* Exercise details:
Write every record out again exactly as given.

Start of Supplied entries

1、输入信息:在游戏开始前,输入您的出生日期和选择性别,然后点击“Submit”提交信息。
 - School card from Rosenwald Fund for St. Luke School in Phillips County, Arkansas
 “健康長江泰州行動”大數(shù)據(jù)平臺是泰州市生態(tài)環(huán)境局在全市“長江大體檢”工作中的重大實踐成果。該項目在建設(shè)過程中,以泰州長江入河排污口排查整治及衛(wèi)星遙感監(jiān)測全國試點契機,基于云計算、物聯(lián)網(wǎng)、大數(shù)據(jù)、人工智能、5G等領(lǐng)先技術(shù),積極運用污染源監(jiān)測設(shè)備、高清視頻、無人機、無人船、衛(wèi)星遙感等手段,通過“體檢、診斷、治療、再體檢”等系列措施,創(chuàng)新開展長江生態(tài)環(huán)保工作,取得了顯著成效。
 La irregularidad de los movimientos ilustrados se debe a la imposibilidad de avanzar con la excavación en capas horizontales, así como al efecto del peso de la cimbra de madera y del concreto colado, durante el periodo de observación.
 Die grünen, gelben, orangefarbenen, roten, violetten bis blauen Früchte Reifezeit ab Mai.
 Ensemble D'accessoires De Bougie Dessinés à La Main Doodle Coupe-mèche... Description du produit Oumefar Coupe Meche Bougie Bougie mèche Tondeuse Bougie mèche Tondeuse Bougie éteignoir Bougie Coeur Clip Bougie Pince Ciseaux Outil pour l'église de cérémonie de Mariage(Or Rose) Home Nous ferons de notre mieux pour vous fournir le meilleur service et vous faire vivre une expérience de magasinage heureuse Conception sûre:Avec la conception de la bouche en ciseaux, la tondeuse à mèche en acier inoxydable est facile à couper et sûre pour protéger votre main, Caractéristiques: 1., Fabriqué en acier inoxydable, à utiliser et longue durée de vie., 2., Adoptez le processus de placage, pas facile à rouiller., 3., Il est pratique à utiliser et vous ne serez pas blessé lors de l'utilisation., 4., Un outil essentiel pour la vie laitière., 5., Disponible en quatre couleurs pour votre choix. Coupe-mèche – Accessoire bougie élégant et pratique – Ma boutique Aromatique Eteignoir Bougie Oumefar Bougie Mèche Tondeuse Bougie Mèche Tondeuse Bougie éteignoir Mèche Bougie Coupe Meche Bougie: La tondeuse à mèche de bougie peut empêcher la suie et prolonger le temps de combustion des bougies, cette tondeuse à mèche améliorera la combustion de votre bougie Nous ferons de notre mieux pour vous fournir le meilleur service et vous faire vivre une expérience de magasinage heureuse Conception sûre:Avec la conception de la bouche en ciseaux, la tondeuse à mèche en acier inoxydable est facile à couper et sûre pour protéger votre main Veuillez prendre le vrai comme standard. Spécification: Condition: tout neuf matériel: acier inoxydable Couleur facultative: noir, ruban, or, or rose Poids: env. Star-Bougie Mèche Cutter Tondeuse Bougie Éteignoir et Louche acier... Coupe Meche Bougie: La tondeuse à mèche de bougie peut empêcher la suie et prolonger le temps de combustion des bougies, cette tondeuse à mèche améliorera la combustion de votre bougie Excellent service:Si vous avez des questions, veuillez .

End of Supplied entries

* Expected answer:
1、输入信息:在游戏开始前,输入您的出生日期和选择性别,然后点击“Submit”提交信息。
 - School card from Rosenwald Fund for St. Luke School in Phillips County, Arkansas
 “健康長江泰州行動”大數(shù)據(jù)平臺是泰州市生態(tài)環(huán)境局在全市“長江大體檢”工作中的重大實踐成果。該項目在建設(shè)過程中,以泰州長江入河排污口排查整治及衛(wèi)星遙感監(jiān)測全國試點契機,基于云計算、物聯(lián)網(wǎng)、大數(shù)據(jù)、人工智能、5G等領(lǐng)先技術(shù),積極運用污染源監(jiān)測設(shè)備、高清視頻、無人機、無人船、衛(wèi)星遙感等手段,通過“體檢、診斷、治療、再體檢”等系列措施,創(chuàng)新開展長江生態(tài)環(huán)保工作,取得了顯著成效。
 La irregularidad de los movimientos ilustrados se debe a la imposibilidad de avanzar con la excavación en capas horizontales, así como al efecto del peso de la cimbra de madera y del concreto colado, durante el periodo de observación.
 Die grünen, gelben, orangefarbenen, roten, violetten bis blauen Früchte Reifezeit ab Mai.
 Ensemble D'accessoires De Bougie Dessinés à La Main Doodle Coupe-mèche... Description du produit Oumefar Coupe Meche Bougie Bougie mèche Tondeuse Bougie mèche Tondeuse Bougie éteignoir Bougie Coeur Clip Bougie Pince Ciseaux Outil pour l'église de cérémonie de Mariage(Or Rose) Home Nous ferons de notre mieux pour vous fournir le meilleur service et vous faire vivre une expérience de magasinage heureuse Conception sûre:Avec la conception de la bouche en ciseaux, la tondeuse à mèche en acier inoxydable est facile à couper et sûre pour protéger votre main, Caractéristiques: 1., Fabriqué en acier inoxydable, à utiliser et longue durée de vie., 2., Adoptez le processus de placage, pas facile à rouiller., 3., Il est pratique à utiliser et vous ne serez pas blessé lors de l'utilisation., 4., Un outil essentiel pour la vie laitière., 5., Disponible en quatre couleurs pour votre choix. Coupe-mèche – Accessoire bougie élégant et pratique – Ma boutique Aromatique Eteignoir Bougie Oumefar Bougie Mèche Tondeuse Bougie Mèche Tondeuse Bougie éteignoir Mèche Bougie Coupe Meche Bougie: La tondeuse à mèche de bougie peut empêcher la suie et prolonger le temps de combustion des bougies, cette tondeuse à mèche améliorera la combustion de votre bougie Nous ferons de notre mieux pour vous fournir le meilleur service et vous faire vivre une expérience de magasinage heureuse Conception sûre:Avec la conception de la bouche en ciseaux, la tondeuse à mèche en acier inoxydable est facile à couper et sûre pour protéger votre main Veuillez prendre le vrai comme standard. Spécification: Condition: tout neuf matériel: acier inoxydable Couleur facultative: noir, ruban, or, or rose Poids: env. Star-Bougie Mèche Cutter Tondeuse Bougie Éteignoir et Louche acier... Coupe Meche Bougie: La tondeuse à mèche de bougie peut empêcher la suie et prolonger le temps de combustion des bougies, cette tondeuse à mèche améliorera la combustion de votre bougie Excellent service:Si vous avez des questions, veuillez .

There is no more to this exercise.